Republican presidential candidate businessman Vivek Ramaswamy speaks to guests on the Iowa Faith & Freedom Coalition Spring Kick-Off on April 22, 2023 in Clive, Iowa.
Scott Olson | Getty Images
Republican presidential hopeful Vivek Ramaswamy built his White House bid around urging firms to remain out of politics.
What he doesn’t tell voters is the asset management firm he co-founded has engaged more with Republican Party officials behind the scenes than was previously known, in line with private piece of email reviewed by CNBC.
The emails show how the firm, Strive Asset Management, became a lead organizer and voice against environmental, social and governance, or ESG, investing, each before and since Ramaswamy entered the presidential race in February.
Ramaswamy told CNBC in an interview Thursday that he stepped away from his role as executive chairman of the firm and isn’t any longer on its board while he runs for president.
When he launched his company last yr, Ramaswamy told CNBC that companies should “deal with excellence over politics.” He slammed ESG-style investing by BlackRock, State Street and Vanguard, and accused the firms of using “their clients’ capital to advocate for viewpoints within the boardrooms of corporate America that the majority of their very own clients disagree with.”

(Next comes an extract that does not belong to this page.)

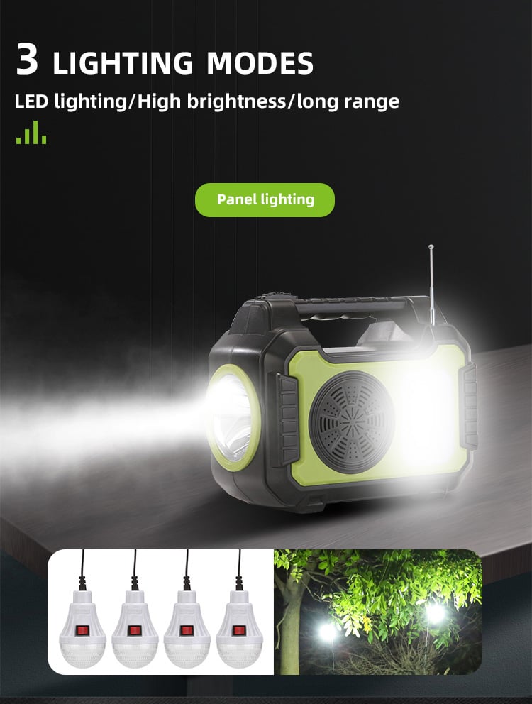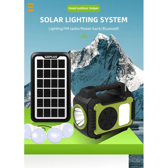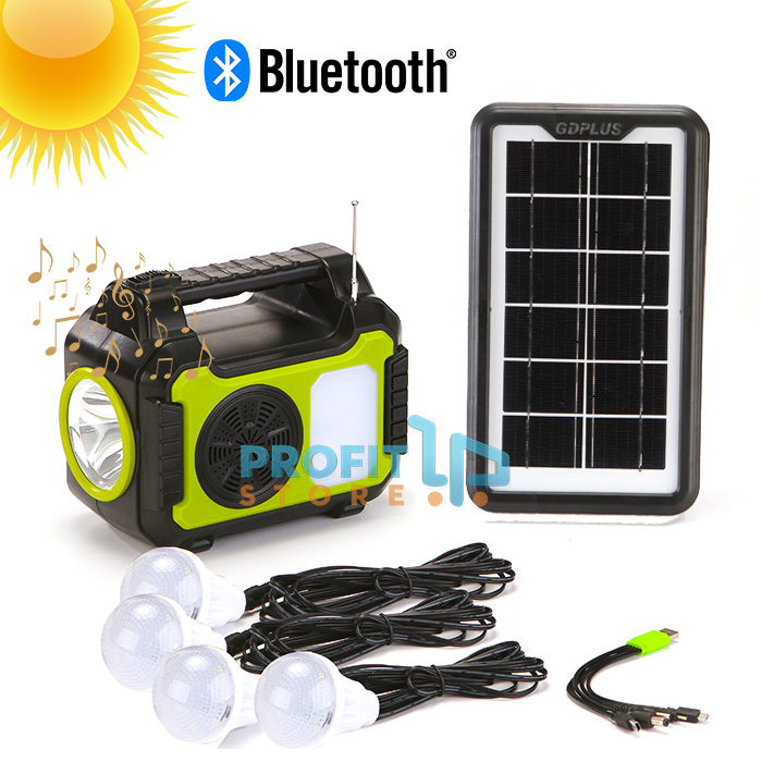 Ηλιακό Σύστημα Φωτισμού με 4 Λάμπες, Bluetooth Ηχείο, Φακός & Φωτιστικό LED, Φορτιστή Powerbank USB & Ραδιόφωνο FM GDPLUS®

Ramaswamy and his firm have since jumped into the political clash over ESG investing platforms, in line with the emails, which were obtained by watchdog Documented and provided to CNBC. The messages show Ramaswamy’s firm actively engaged with GOP state leaders who’ve defended the fossil fuel industry and criticized environmentally conscious investment standards.
Ramaswamy on Thursday defended the firm’s engagement with GOP officials, saying greater firms BlackRock, Vanguard and State Street have conducted similar practices with state officials across the country.
“The most important asset allocators into the asset management systems are state pension funds and BlackRock, State Street, Vanguard, Invesco and others, are recurrently engaged,” Ramaswamy told CNBC. “It’s just a tough incontrovertible fact that these institutions have for many years been educating, discussing with states and pension fund systems, the merits of ESG based investment framework. Strive is bringing an alternate perspective to bear across the market.”
Since he began his campaign, Ramaswamy has deferred questions on Strive’s business technique to the firm.
Strive CEO Matt Cole echoed Ramaswamy’s remarks in an interview with CNBC.
“We’re just copying the playbook of BlackRock, State Street and Vanguard,” Cole said Thursday. When asked in regards to the emails showing how the firm has develop into a number one organizer against ESG investing, Cole said: “I believe Strive is the leading voice in America pushing in favor of shareholder capitalism.”
Strive has develop into certainly one of the more vocal opponents of ESG investing and has gained enough notoriety to challenge the likes of fossil fuel giant ExxonMobil. Ramaswamy, as Strive’s executive chairman, sent a letter to Exxon in November saying the corporate’s board “reflects an overrepresentation of directors whose principal focus appears to be on Exxon’s climate change strategy.”
Ramaswamy later secured a gathering with Exxon CEO Darren Woods. Strive said in a December press release that the oil and gas executive “pushed back on certain points in Strive’s letter but committed to exploring suitable directors for Exxon’s board with relevant industry expertise.” A month after the meeting, Exxon announced it might add Lawrence Kellner, a former CEO of Continental Airlines, and John Harris II, a former CEO of Raytheon International, to its board.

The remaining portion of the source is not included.